## Your task
Copy out the full listing exactly, omitting any picture it contains.

## Supplied material
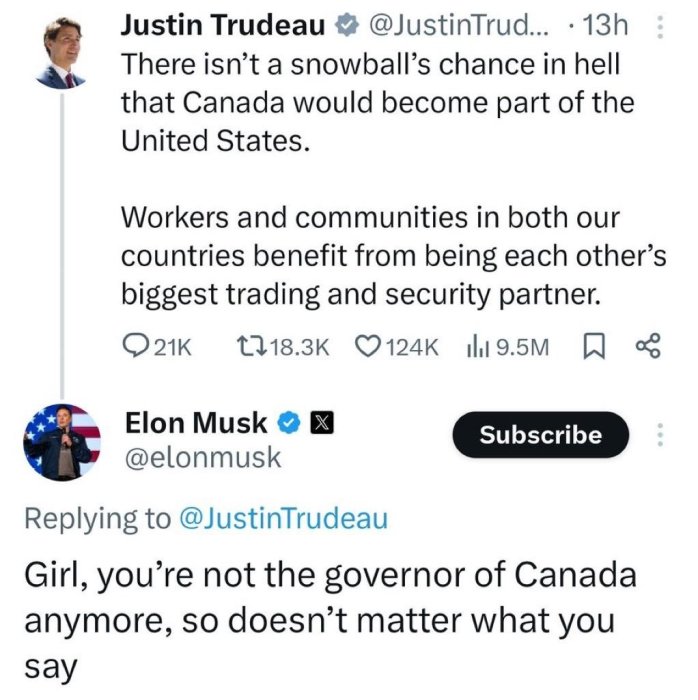 Economic terrorism/threat vis-à-vis le CANADA-----main trading partner---- and armed intervention in PANAMA/GROENLAND/2 allied countries....this THUG has never campaigning on these issues....yeah just bs bs bs....always master of diversion..and nothing
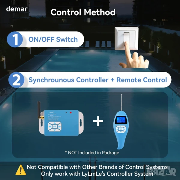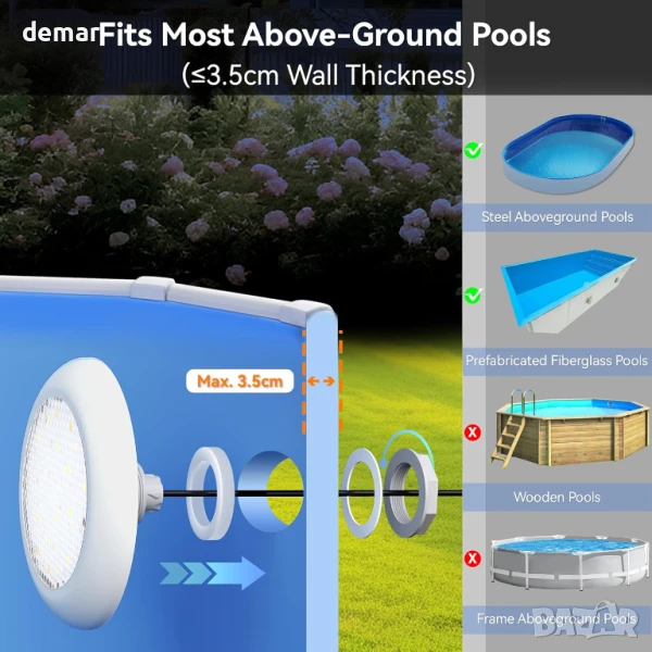 Тази лампа за басейн е с 5 см стандартна външна резба с уплътнение и контрагайка за лесен ръчен монтаж, идеална за тънки или стоманени басейни с дебелина под 3,5 см. Разглобяемият кабел с бързосъединяваща конструкция позволява тялото на лампата да се отстрани от задното закрепване за лесна поддръжка или подмяна без електротехник. Работи безопасно с ниско напрежение 12V AC и изисква 12V трансформатор за монтаж (не е включен). Пакетът включва една лампа без контролен блок, като е възможно превключване на цветовете чрез стандартен превключвател.
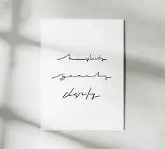 "Go with the flow!" - licht, vloeiend, gereduceerd. Dit ontwerp symboliseert loslaten, vertrouwen in het leven en de schoonheid van eenvoud. Een herinnering dat soms de zachtste weg de krachtigste is. Minimalistisch, elegant en precies goed voor iedereen die het leven met meer gemak wil benaderen.

## Your response
 Economic terrorism/threat vis-à-vis le CANADA-----main trading partner---- and armed intervention in PANAMA/GROENLAND/2 allied countries....this THUG has never campaigning on these issues....yeah just bs bs bs....always master of diversion..and nothing
 Тази лампа за басейн е с 5 см стандартна външна резба с уплътнение и контрагайка за лесен ръчен монтаж, идеална за тънки или стоманени басейни с дебелина под 3,5 см. Разглобяемият кабел с бързосъединяваща конструкция позволява тялото на лампата да се отстрани от задното закрепване за лесна поддръжка или подмяна без електротехник. Работи безопасно с ниско напрежение 12V AC и изисква 12V трансформатор за монтаж (не е включен). Пакетът включва една лампа без контролен блок, като е възможно превключване на цветовете чрез стандартен превключвател.
 "Go with the flow!" - licht, vloeiend, gereduceerd. Dit ontwerp symboliseert loslaten, vertrouwen in het leven en de schoonheid van eenvoud. Een herinnering dat soms de zachtste weg de krachtigste is. Minimalistisch, elegant en precies goed voor iedereen die het leven met meer gemak wil benaderen.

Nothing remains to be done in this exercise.